((

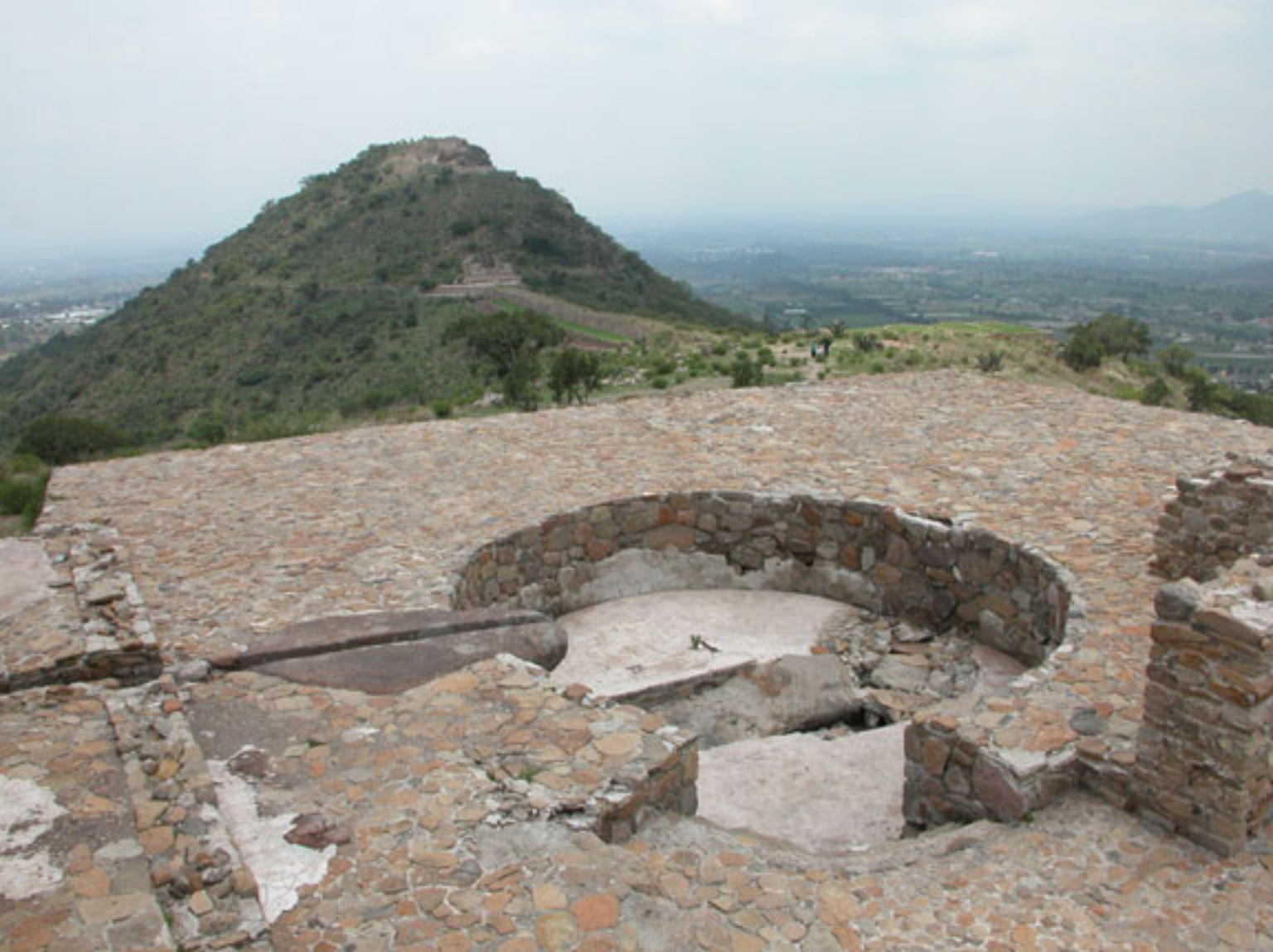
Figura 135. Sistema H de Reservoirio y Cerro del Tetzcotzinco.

))
((

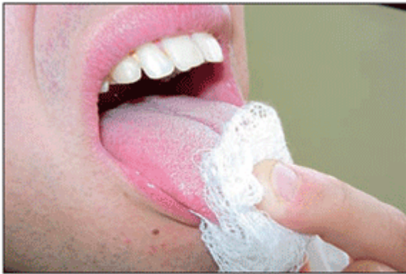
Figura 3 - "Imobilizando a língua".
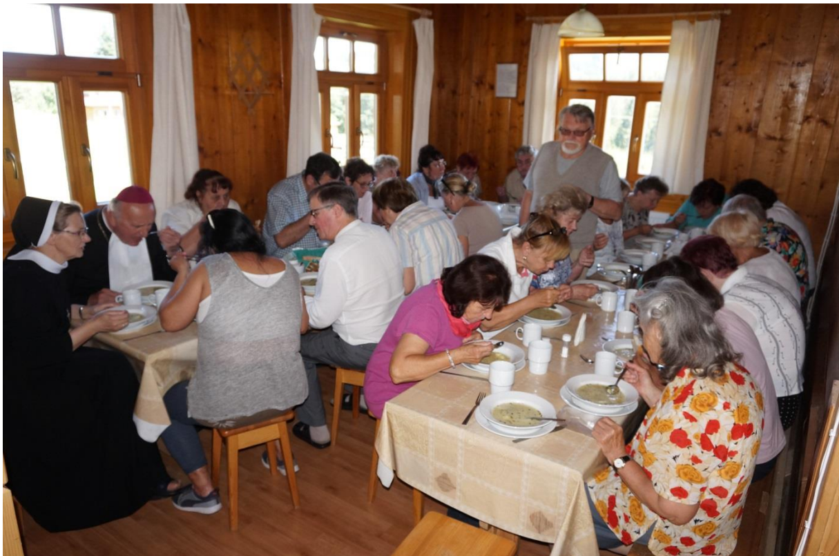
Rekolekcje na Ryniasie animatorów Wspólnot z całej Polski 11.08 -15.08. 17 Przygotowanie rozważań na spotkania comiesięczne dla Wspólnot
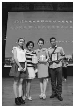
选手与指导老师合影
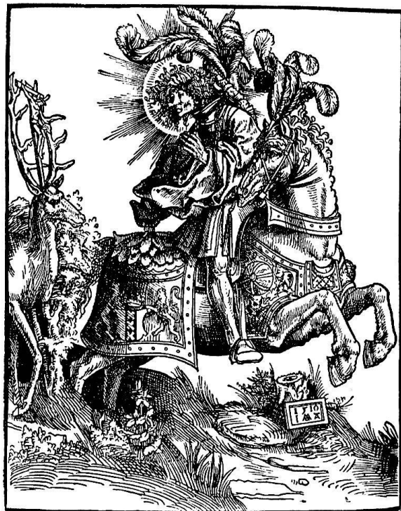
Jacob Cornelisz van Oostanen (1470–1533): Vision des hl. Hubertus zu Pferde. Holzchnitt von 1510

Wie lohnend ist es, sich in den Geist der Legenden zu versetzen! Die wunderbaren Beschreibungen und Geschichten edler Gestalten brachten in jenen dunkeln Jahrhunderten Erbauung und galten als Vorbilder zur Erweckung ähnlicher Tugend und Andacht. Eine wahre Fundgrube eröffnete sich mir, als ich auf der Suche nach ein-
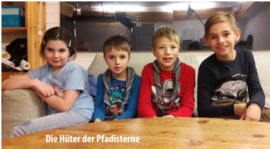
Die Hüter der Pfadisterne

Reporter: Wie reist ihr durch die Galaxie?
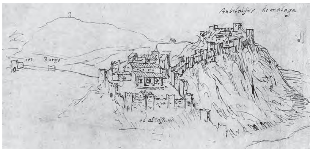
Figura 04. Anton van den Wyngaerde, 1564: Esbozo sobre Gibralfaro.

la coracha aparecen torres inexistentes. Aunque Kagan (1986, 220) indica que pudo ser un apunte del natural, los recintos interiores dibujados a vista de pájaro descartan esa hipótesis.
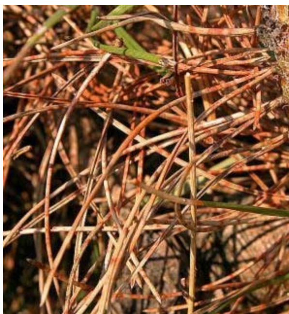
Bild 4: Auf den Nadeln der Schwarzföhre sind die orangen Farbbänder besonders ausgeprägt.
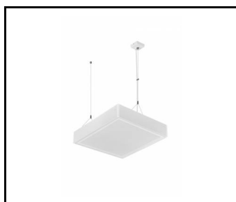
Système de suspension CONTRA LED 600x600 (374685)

))

**WHAT IS EXPECTED:** The lines to reproduce run from the one above containing "Figura 04. Anton" through the one containing "Système de suspension". Copy them exactly and leave out all pictures.

**YOUR SOLUTION:**
Figura 04. Anton van den Wyngaerde, 1564: Esbozo sobre Gibralfaro.

la coracha aparecen torres inexistentes. Aunque Kagan (1986, 220) indica que pudo ser un apunte del natural, los recintos interiores dibujados a vista de pájaro descartan esa hipótesis.
Bild 4: Auf den Nadeln der Schwarzföhre sind die orangen Farbbänder besonders ausgeprägt.
Système de suspension CONTRA LED 600x600 (374685)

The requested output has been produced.